For now, analysts tracking Amazon’s share price are divided between those that are sceptical about Amazon’s latest launch, and those that have high hopes for the future. It’s an area that needs more development in order to produce a consistent and meaningful impact on the firm’s share price.

David Cole, founder and CEO of research firm DFC Intelligence recently told CNN Business that he believes Amazon is taking so long to develop these projects it makes them seem dated once they come out.

"These companies are like huge oil tankers that cannot exactly turn on a dime. They make a decision, it takes years to execute, and by the time the product comes out, the market has totally changed direction,” he says.

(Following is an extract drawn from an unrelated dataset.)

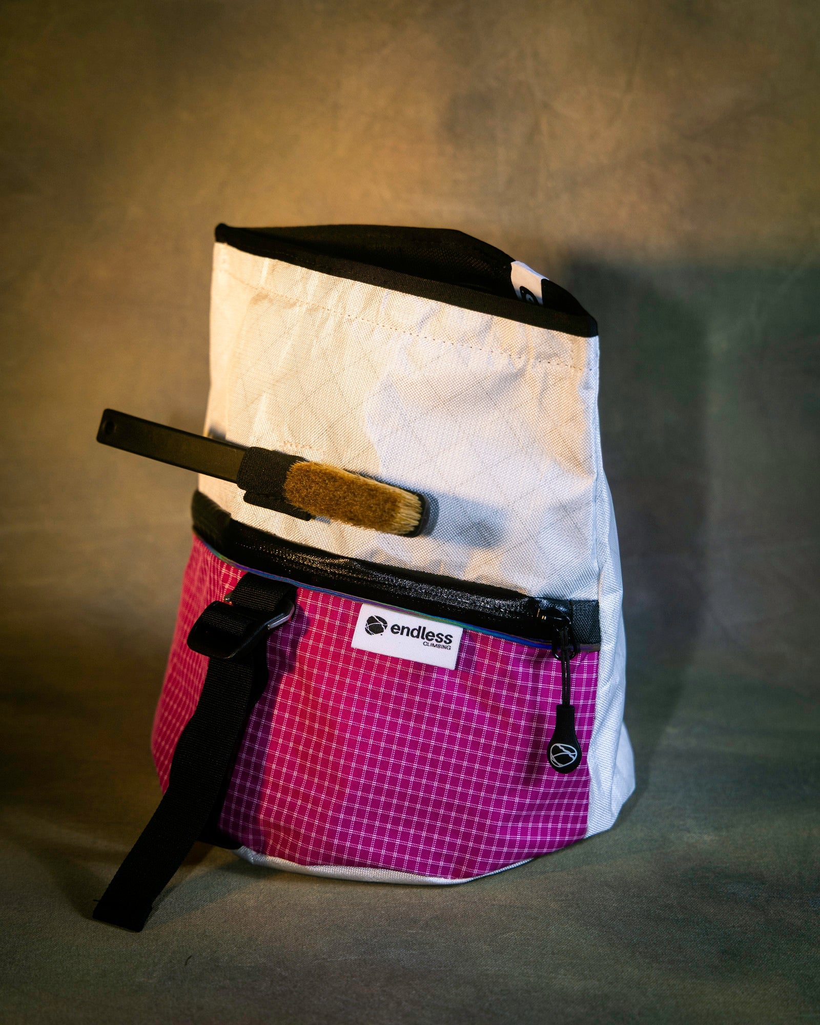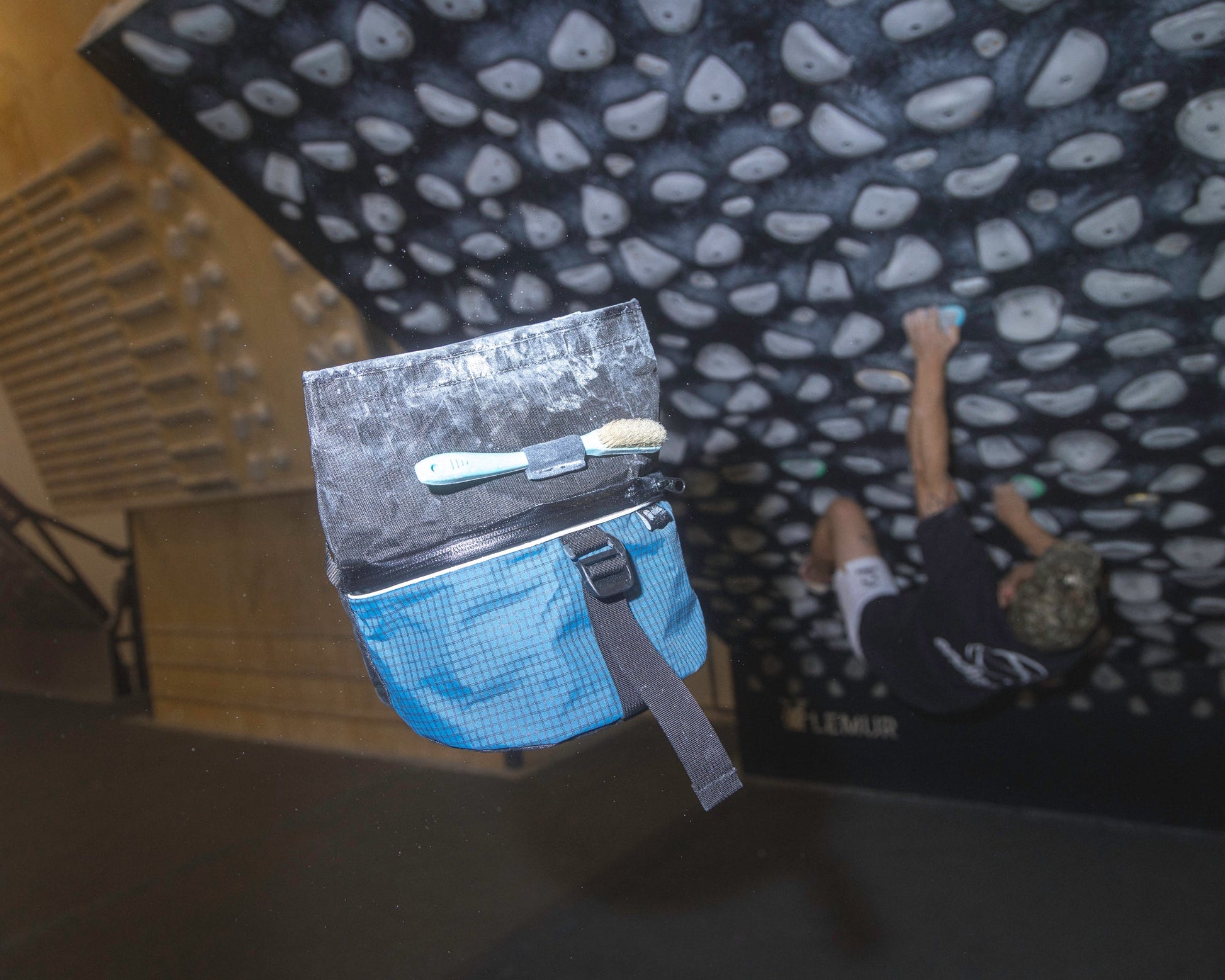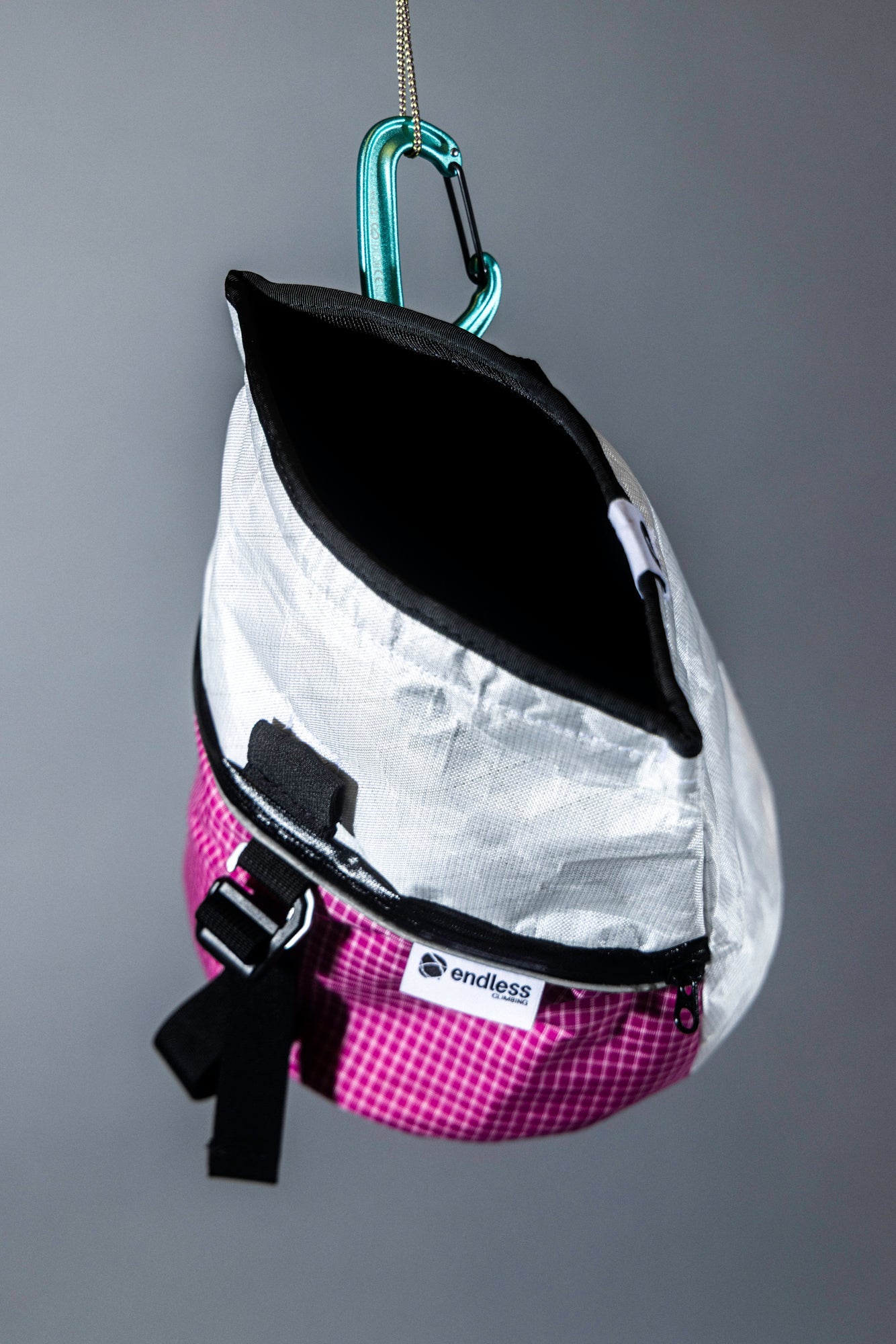 - Roll down and buckle to end the session without spilling chalk in your bag

“These companies are like huge oil tankers that cannot exactly turn on a dime. They make a decision, it takes years to execute, and by the time the product comes out, the market has totally changed direction” - David Cole, founder and CEO of research firm DFC Intelligence

 

"Both Crucible and the upcoming New World, which got delayed again, are high-quality titles for three or four years ago.”

Elsewhere, Wedbush analyst Michael Pachter told CNBC: “Games is a hard business, so it makes sense that it takes a while to develop a hit and [it] makes sense that they will tweak their model and headcount as they evolve.”

He continues: “If they can’t compete with Crucible, they’ll try with New World. If that doesn’t work, they’ll try again.”